─── The records ───

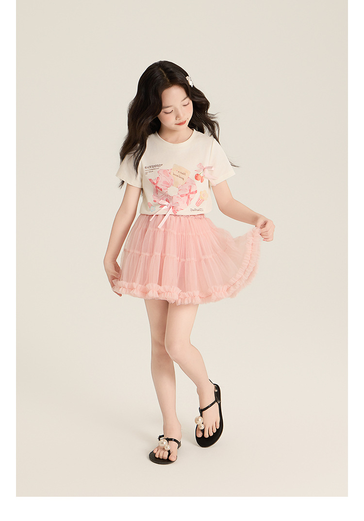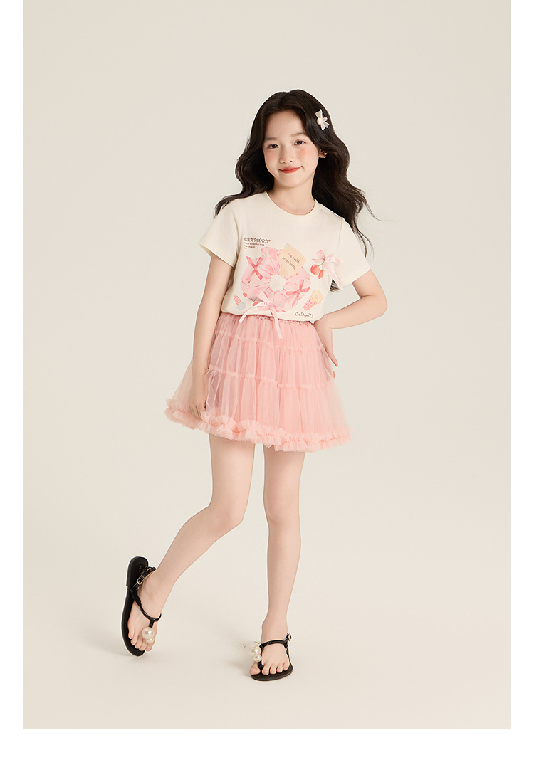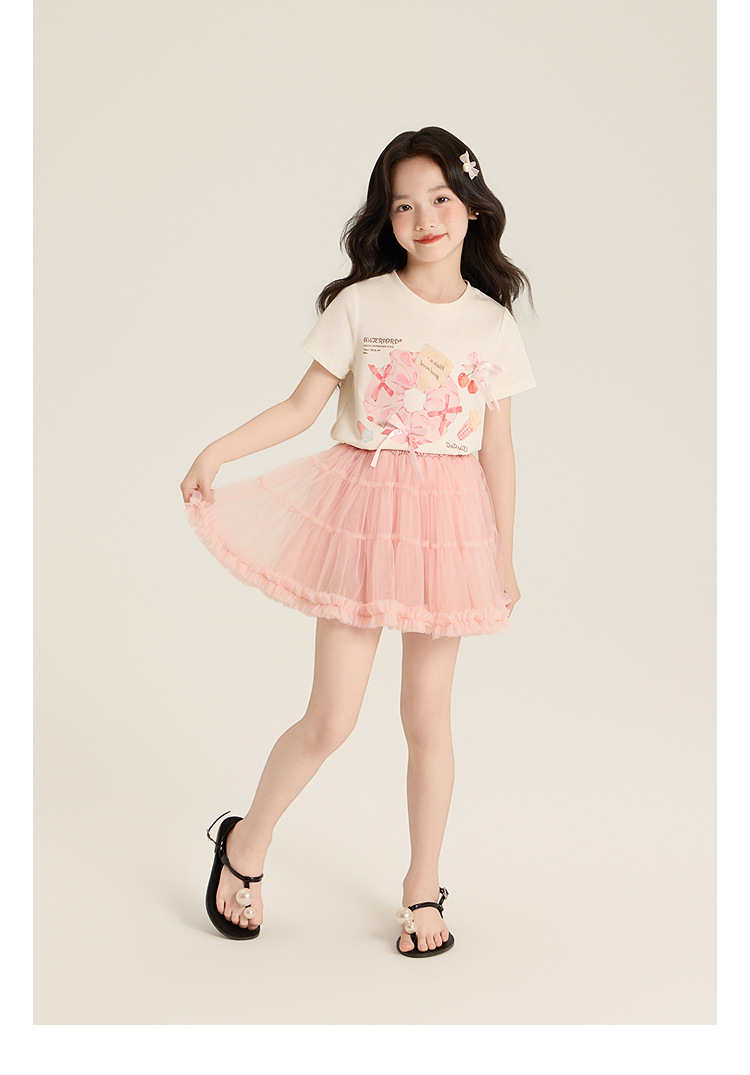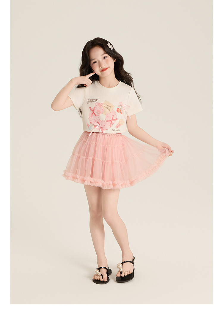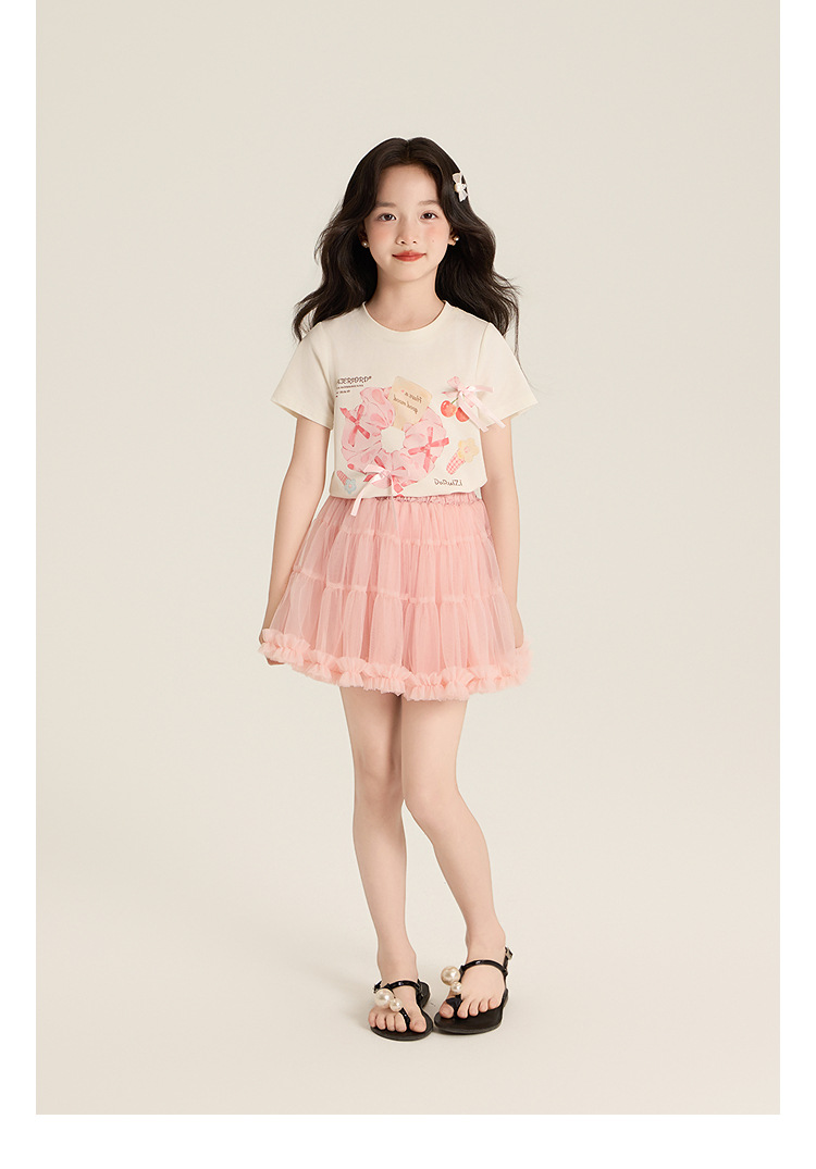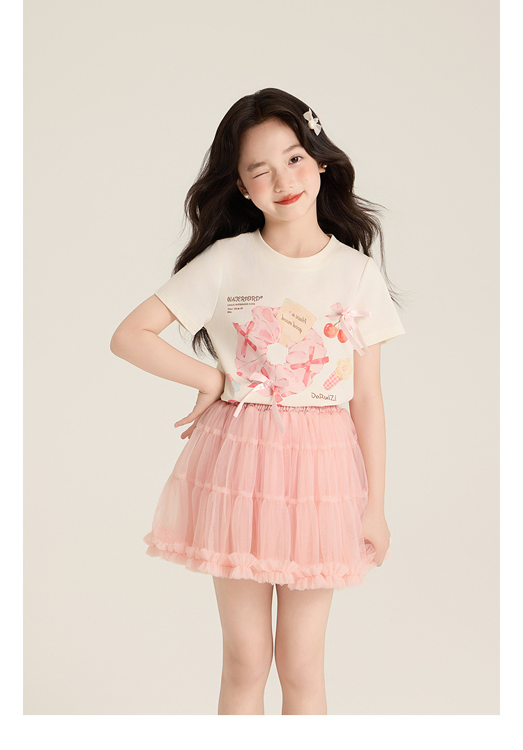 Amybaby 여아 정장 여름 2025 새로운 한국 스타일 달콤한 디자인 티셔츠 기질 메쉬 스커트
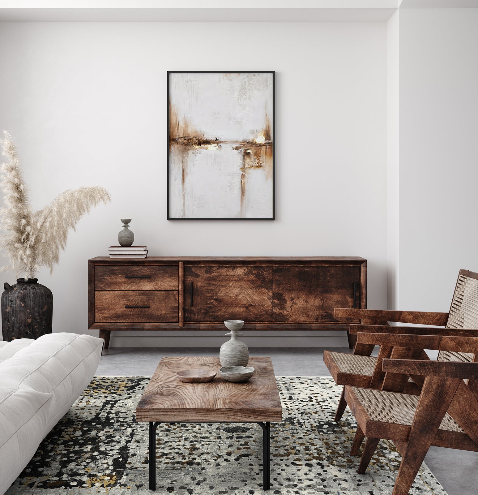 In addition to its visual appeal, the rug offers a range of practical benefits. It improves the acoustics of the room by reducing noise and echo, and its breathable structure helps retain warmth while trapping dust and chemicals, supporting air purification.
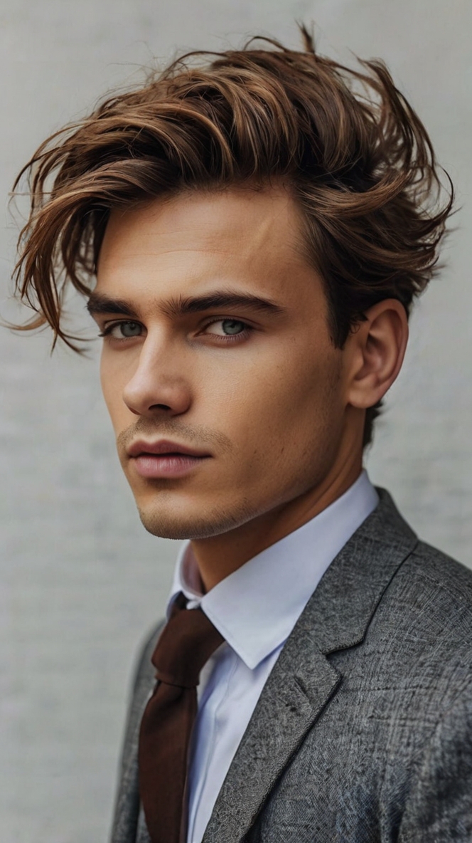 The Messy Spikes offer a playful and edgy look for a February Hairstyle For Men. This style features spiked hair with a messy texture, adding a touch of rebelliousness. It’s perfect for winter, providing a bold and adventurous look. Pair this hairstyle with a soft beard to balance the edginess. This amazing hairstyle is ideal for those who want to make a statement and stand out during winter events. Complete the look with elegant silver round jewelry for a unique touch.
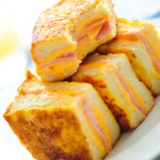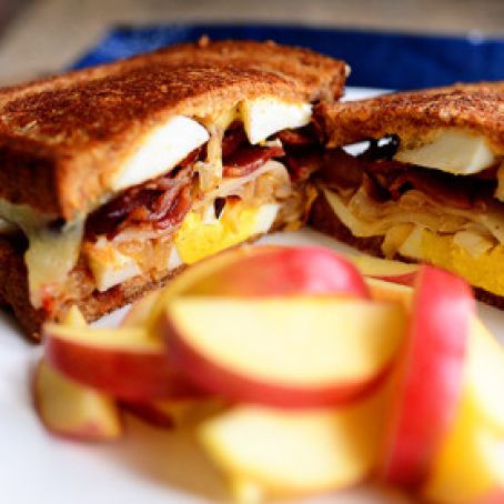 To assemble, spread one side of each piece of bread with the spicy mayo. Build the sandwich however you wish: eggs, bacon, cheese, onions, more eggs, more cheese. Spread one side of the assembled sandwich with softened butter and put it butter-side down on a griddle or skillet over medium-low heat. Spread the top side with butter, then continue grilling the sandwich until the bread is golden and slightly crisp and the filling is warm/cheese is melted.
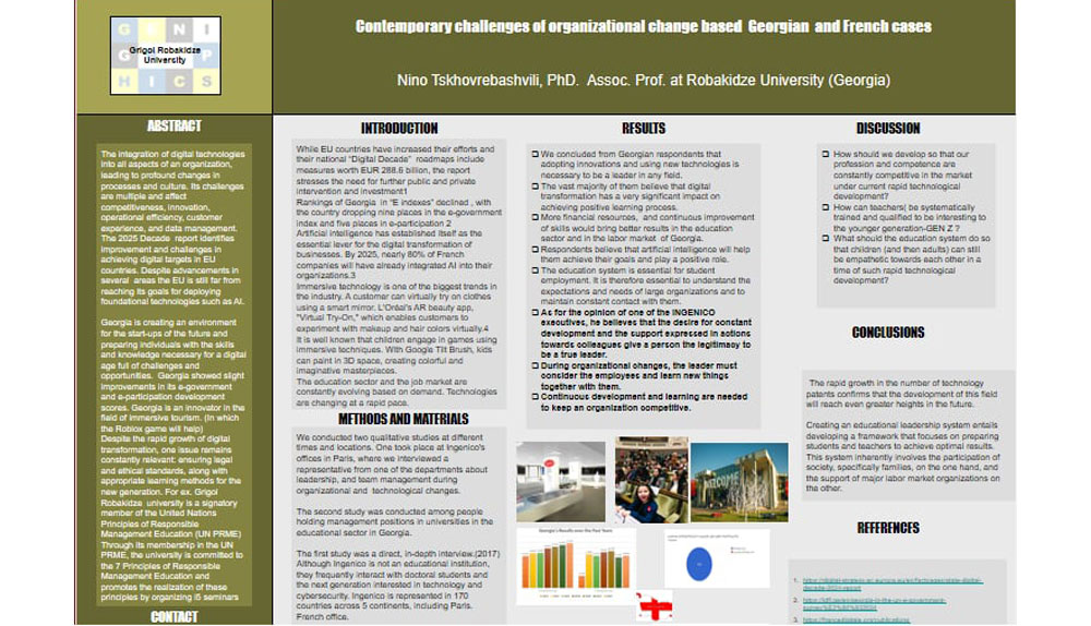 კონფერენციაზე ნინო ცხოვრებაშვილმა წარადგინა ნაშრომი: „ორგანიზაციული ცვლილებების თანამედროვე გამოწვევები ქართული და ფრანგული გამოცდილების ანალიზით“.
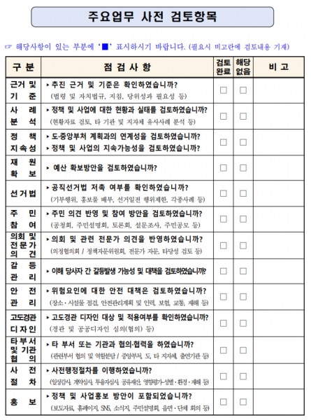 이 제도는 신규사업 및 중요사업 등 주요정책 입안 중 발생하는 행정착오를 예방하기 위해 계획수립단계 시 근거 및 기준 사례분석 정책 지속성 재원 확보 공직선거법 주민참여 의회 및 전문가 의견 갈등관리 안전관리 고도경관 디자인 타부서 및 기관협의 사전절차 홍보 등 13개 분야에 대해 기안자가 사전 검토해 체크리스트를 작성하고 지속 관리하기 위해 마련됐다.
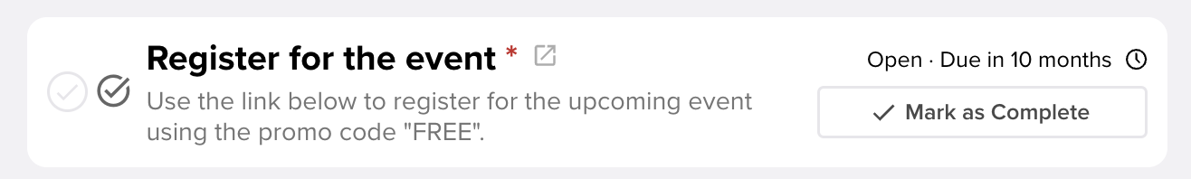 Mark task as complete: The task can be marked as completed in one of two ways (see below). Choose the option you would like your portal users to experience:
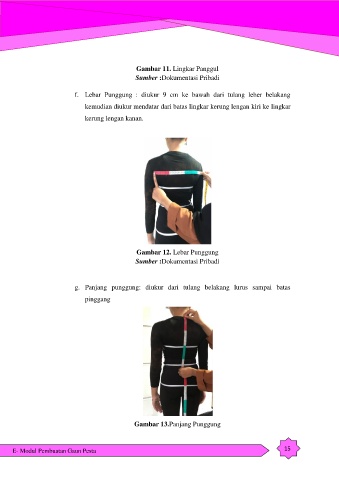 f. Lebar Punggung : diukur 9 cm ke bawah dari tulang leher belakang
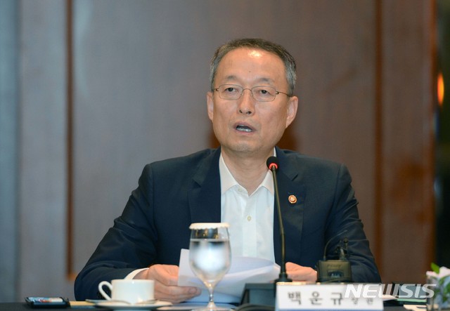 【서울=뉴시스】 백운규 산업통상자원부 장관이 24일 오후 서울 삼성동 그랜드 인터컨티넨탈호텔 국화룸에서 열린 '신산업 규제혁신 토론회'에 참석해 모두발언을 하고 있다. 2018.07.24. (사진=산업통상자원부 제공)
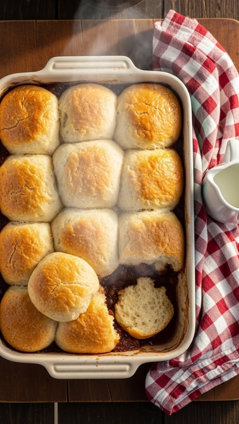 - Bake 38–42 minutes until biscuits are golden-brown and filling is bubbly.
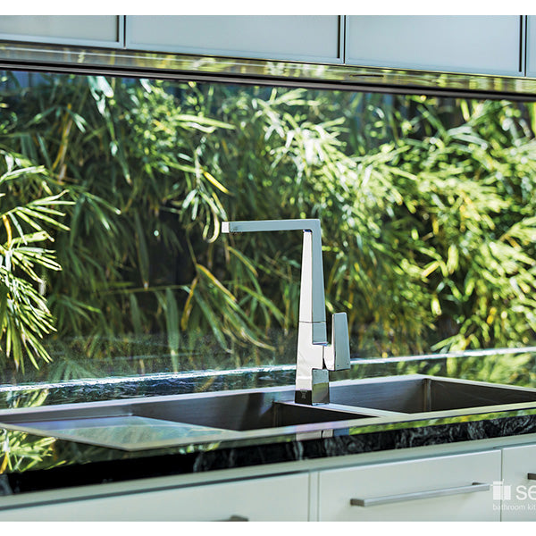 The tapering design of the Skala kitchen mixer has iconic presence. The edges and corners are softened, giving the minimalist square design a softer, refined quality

───

## Aim of the task
Retype only the lines from the line with "- Bake 38–42" through the last line of the data. Keep both ends and skip the pictures.

## Response
 - Bake 38–42 minutes until biscuits are golden-brown and filling is bubbly.
 The tapering design of the Skala kitchen mixer has iconic presence. The edges and corners are softened, giving the minimalist square design a softer, refined quality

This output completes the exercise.